2. The voice dialogue system according to claim 1, wherein;
said dialogue control means controls said dialogue with said user based on the attribute of said answering sentence generated by said response generating means.
3. The voice dialogue system according to claim 1, wherein;
said scenario is made by combining an arbitrary number of plural types of blocks in a respectively predetermined format providing for one turn of a dialogue with said user, in an arbitrary order.
4. The voice dialogue system according to claim 3, comprising;
as one of said blocks, a first block having,
a first reproducing step for reproducing said one sentence to urge said user to utterance,
a first utterance await and recognition step for awaiting said user's utterance after the above first reproducing step, and when said user uttered, recognizing the contents of the above utterance, and
a second reproducing step, following said first utterance await and recognition step, for reproducing corresponding one sentence previously provided, depending on whether the contents of the above utterance is positive or negative.

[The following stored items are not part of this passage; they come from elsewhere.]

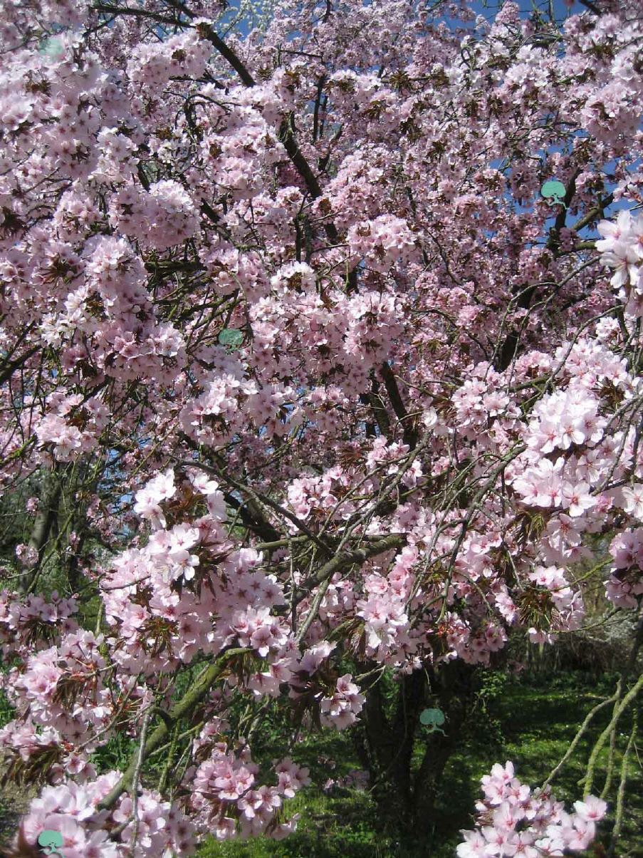 Blut-Pflaume 4-6m, Blatt: schwarzrot, Blüte: rosa III-IV, Frucht: rot, essbar, für Spielplätze geeignet, durch Blatt und Blüte sehr zierend.
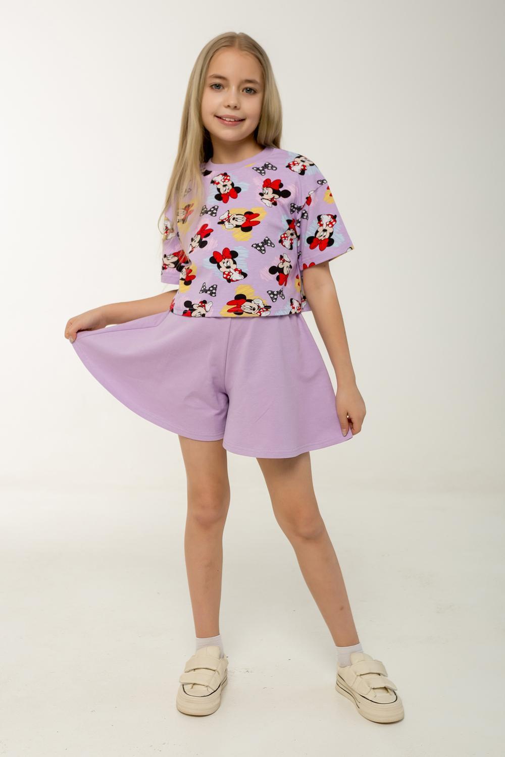 Этот яркий и стильный костюм станет отличным выбором для жаркого лета! Комплект включает укороченный топик свободного кроя с короткими рукавами и шорты-юбку трапециевидного силуэта на поясе с резинкой. Топик выполнен в насыщенном сиреневом оттенке с забавным рисунком любимого персонажа — Минни Маус. Шорты-юбка изготовлены из однотонной ткани в тон основного цвета комплекта, что создает гармоничный и законченный образ. Оба элемента костюма сделаны из петельчатого фетера, который прекрасно дышит и обеспечивает комфорт даже в самые жаркие дни. Такой комплект идеально подойдет для повседневных прогулок, отдыха на пляже, а также для детского сада. Каждый элемент можно носить отдельно, сочетая с другой одеждой и создавая новые интересные образы. Костюм сертифицирован и произведен на фабрике "Мариша", известной своим высоким качеством продукции.
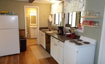 The cabin comes complete with oven and 4 burner stove, full sized fridge, microwave, toaster, dishwasher, complimentary in room coffee, TV (no cable/sat), DVD only player (there is a shared selection of DVDs, recommend you bring your own if you wish to watch TV), screened in upper deck,2 bedrooms, 3 queen beds, two bathrooms (1 with tub/shower and 1 with shower), fire ring, charcoal grill. There is limited Wi-Fi available on the property if it is needed.
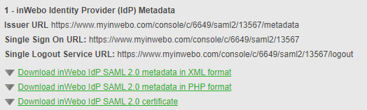 Download the inWebo IDP metadata by clicking on "Download inWebo IDP SAML 2.0 metadata in XML format"
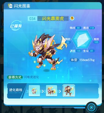 精灵:闪光电击虎→闪光闪电虎→闪光霹雳虎】
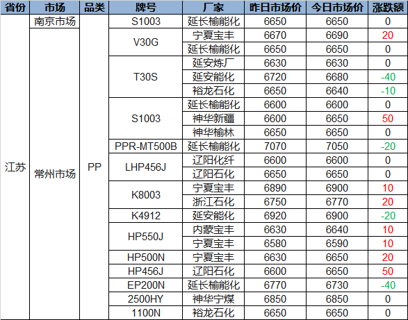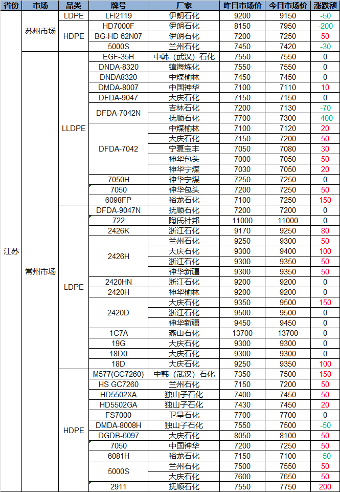 Today PP, PE Jiangsu Plastic Prices Mixed, PP Some Rise and Fall 10-50, PE Highest Drop 400
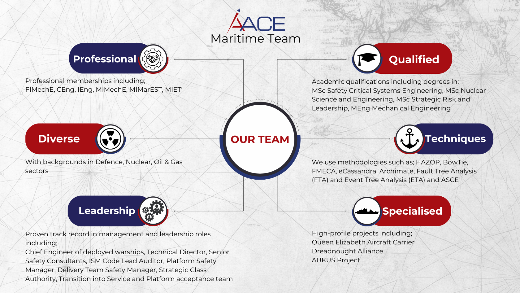 AACE provides comprehensive services in the maritime domain, integrating safety engineering, legislative and regulatory compliance, certification management and environmental support to meet the complex requirements of MOD and Defence Industry.
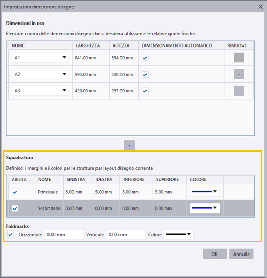 quando si definiscono i colori della squadratura disegno e delle foldmark in Editor layout disegno
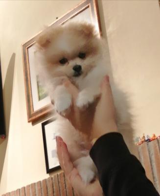 Cucciola di Spitz nano tedesco di circa 2 mesi, color crema e bianco. Nata in casa, sverminata e vaccinata, no pedigree, dolcissima. Cerca nuova famiglia. Prezzo 1000 euro trattabili
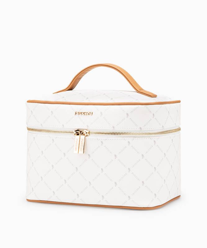 Kosmetyczka z kolekcji Monogram charakteryzuje się klasyczną formą z efektownym designem, które z pewnością zadowolą niejednego miłośnika podróży. Model wykonany jest z odpornej, wysokogatunkowej skóry ekologicznej.
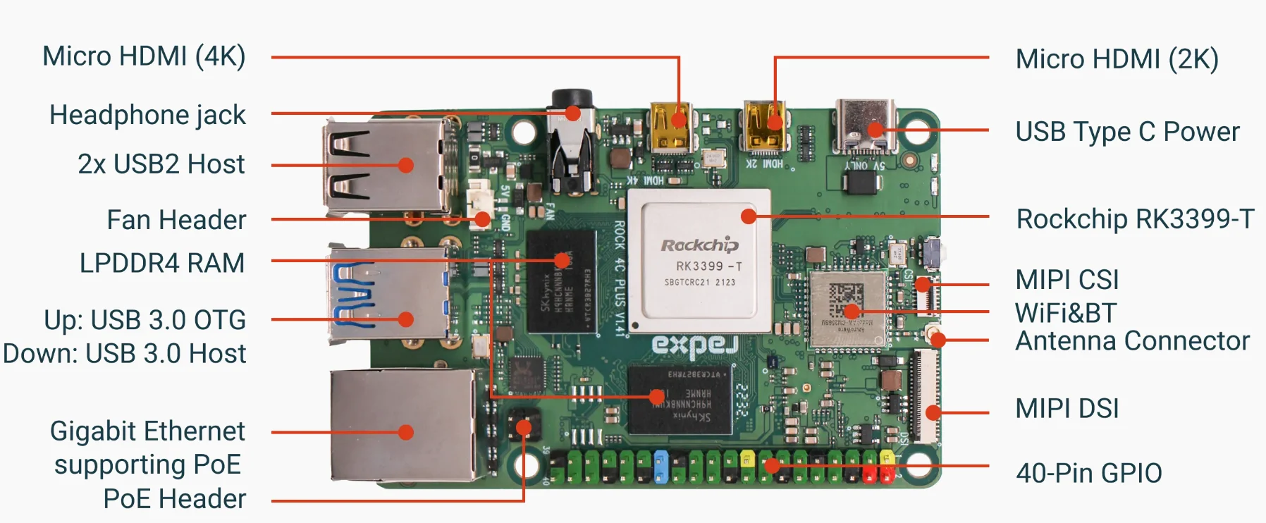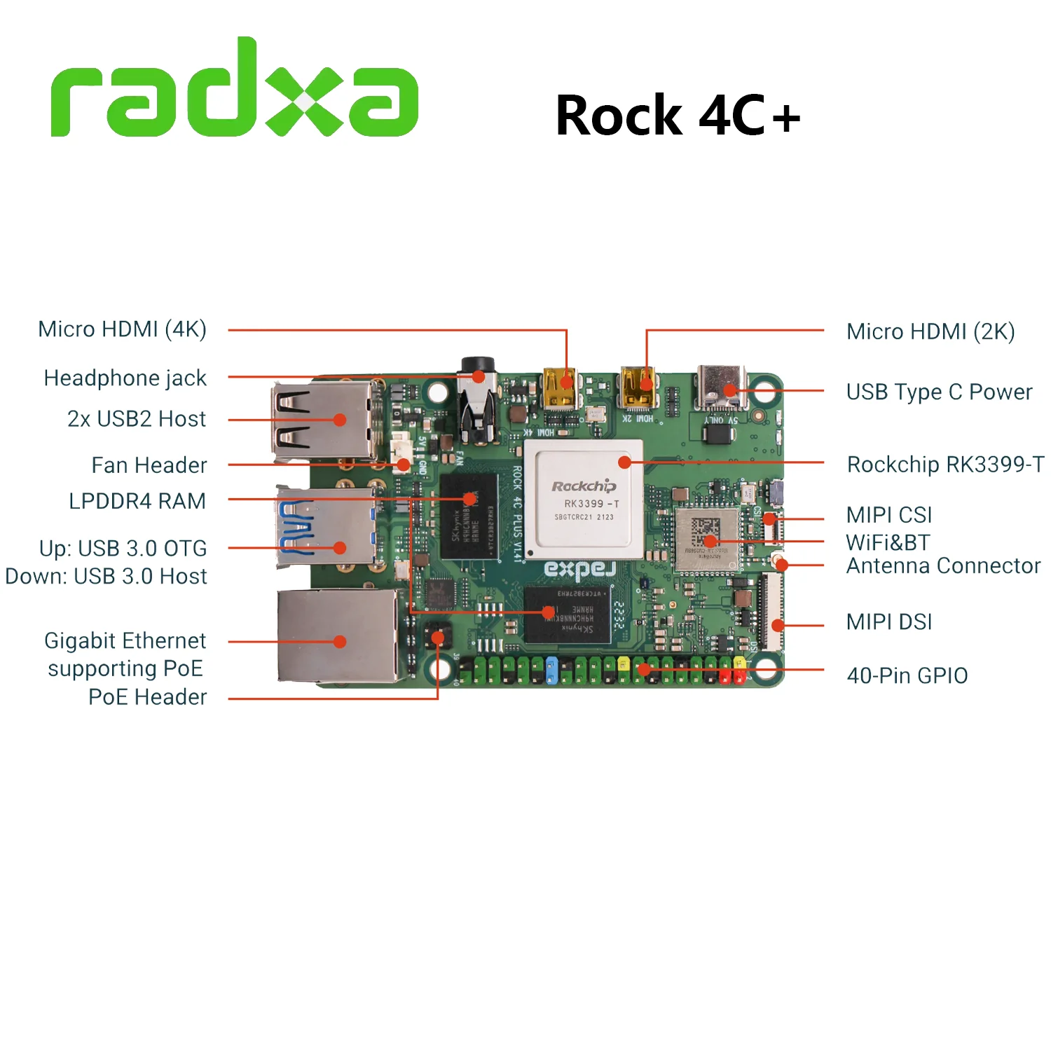 Comprar RADXA ROCK PI 4C Plus 4 C + V1.41 versión RK3399-T pantalla Dual 4K de seis núcleos A72 A53, placa de desarrollo compatible con Raspberry pi
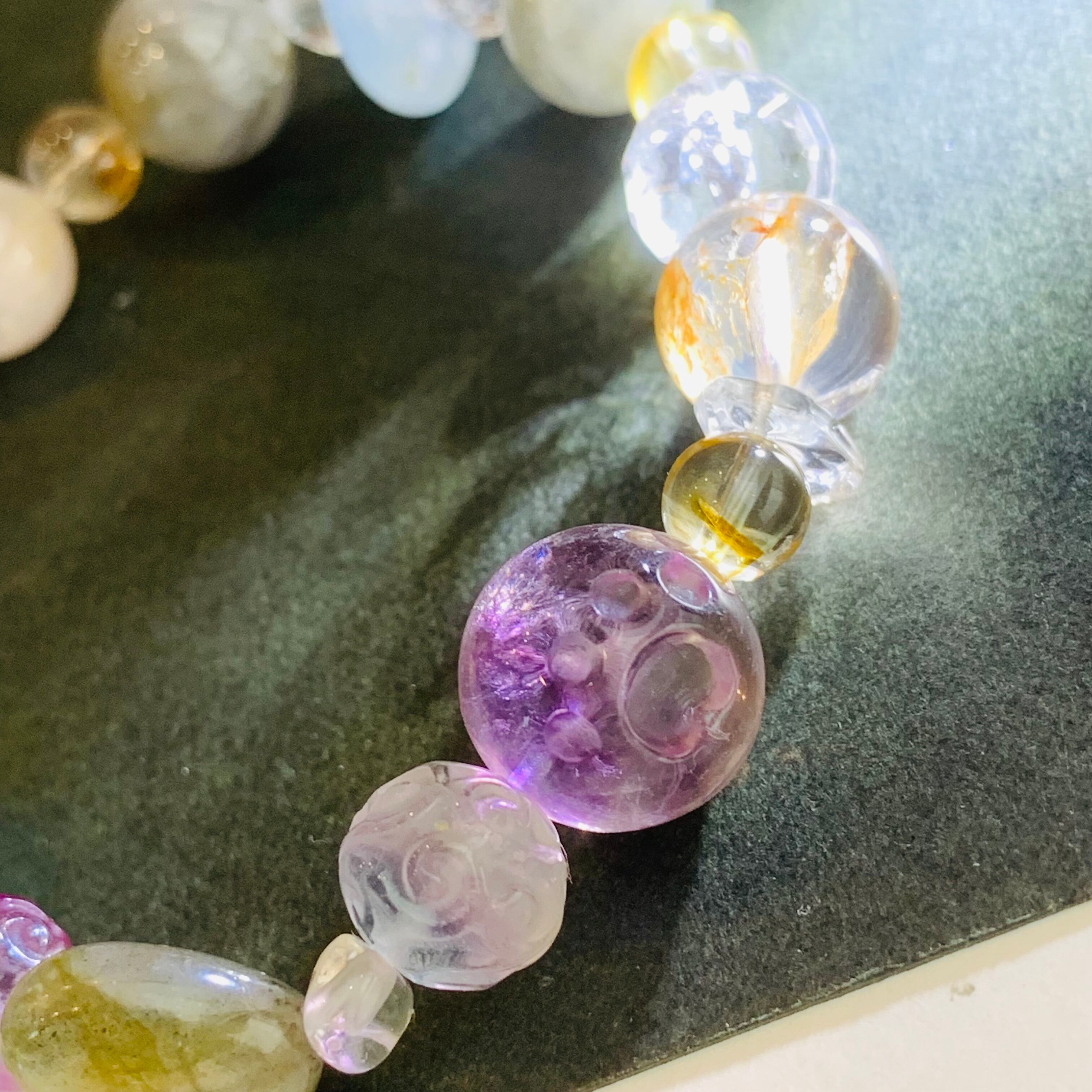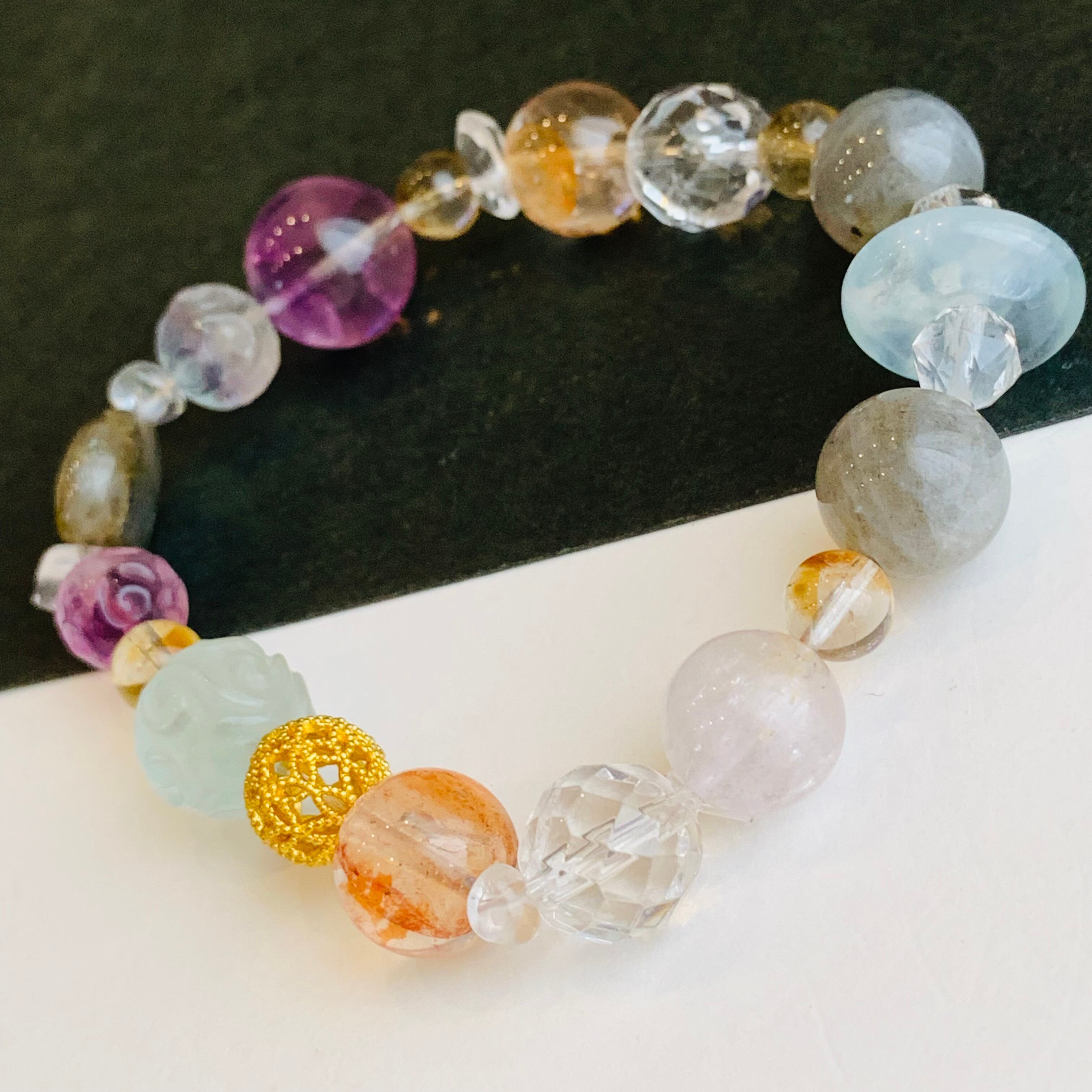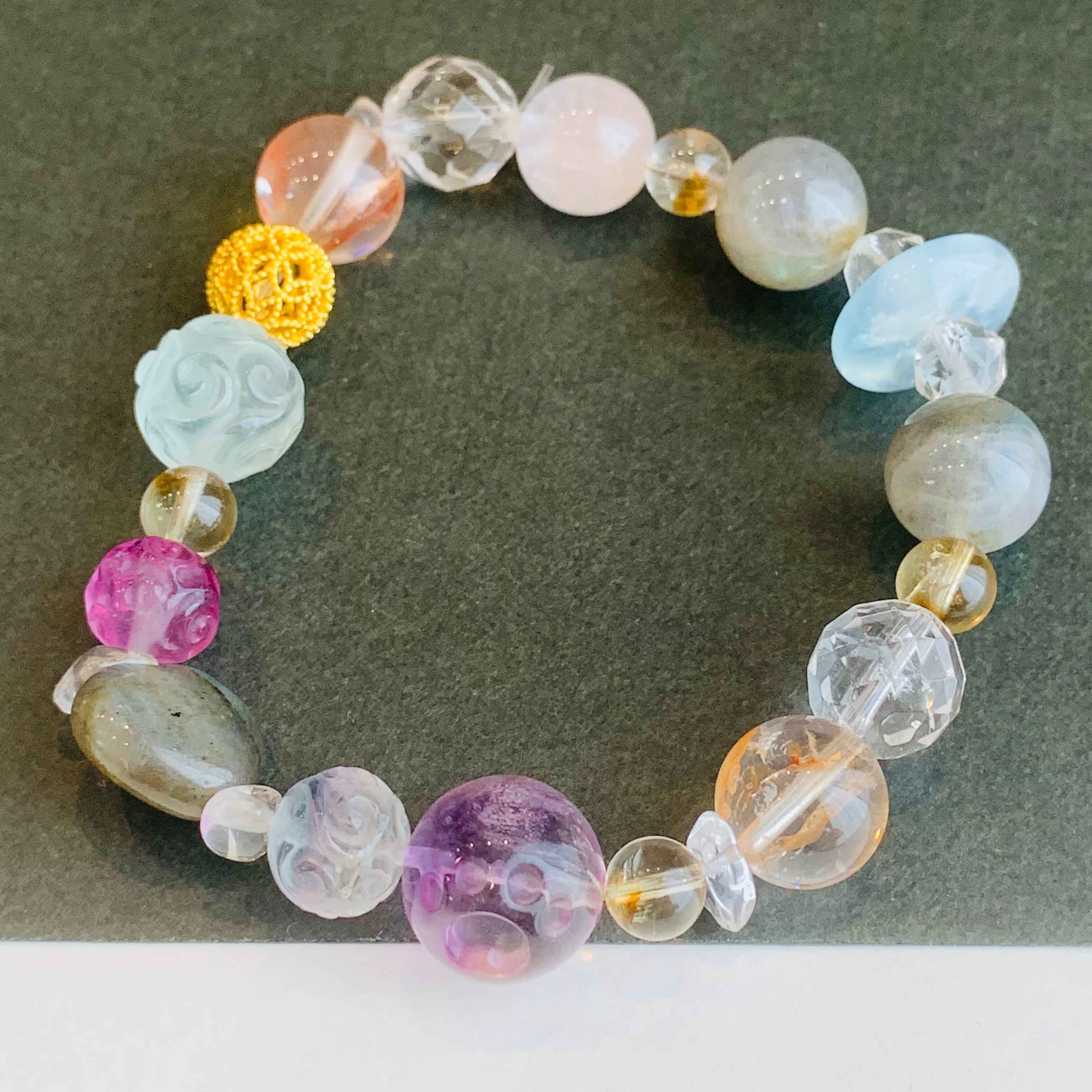 天然石ブレスレット 7種水晶ミックス パワーストーン 一点物 R88
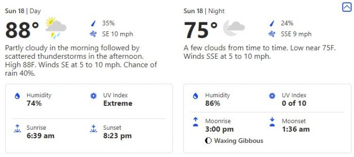 And we’ll wrap up our week on July 18th with about the same temperatures we’ve been seeing in this forecast and similar conditions. Get ready for high humidity and UV levels and afternoon showers.
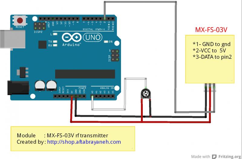 يكي از پراستفاده ترين مدارهاي الكترونيكي ، مدارهاي كنترل از راه دور ميباشد. روز به روز بر تعداد تجهيزاتي كه انتقال اطلاعات و كنترل را بصورت wireless انجام ميدهند افزوده ميشود . ماژولهاي فرستنده و گيرنده mx-fs-03v و mx-05v يكي از ساده ترين ماژولهاي انتقال اطلاعات به شمار ميروند . انتقال اطلاعات در اين ماژولها تنها از طريق 1 پين صورت ميپذيرد.و در مواردي كه از نظر تعداد پايه هاي آردوينو با محدوديت مواجه هستيم ، اين ويژگي ميتواند بسيار مفيد باشد.

5. The voice dialogue system according to claim 4, comprising;
as one of said blocks, a second block having a first generation of answering sentence request step, when the contents of said user's utterance recognized in said first utterance await and recognition step is neither said positive nor said negative, for requesting said response generating means to generate said answering sentence corresponding to said contents of said user's utterance.
6. The voice dialogue system according to claim 5, comprising;
as one of said blocks, a third block having a first loop in which if the attribute of said answering sentence, that was generated by said response generating part responding to said request in said first generation of answering sentence request step, is the first loop type, it returns to said first utterance await and recognition step.
7. The voice dialogue system according to claim 5, comprising;
as one of said blocks, a fourth block having a second loop in which if the attribute of said answering sentence, that was generated by said response generating part responding to said request in said first generation of answering sentence request step, is the second loop type, it awaits said user's utterance, and when said user uttered, it recognizes the contents of the above utterance, and then returns to said generation of answering sentence request step.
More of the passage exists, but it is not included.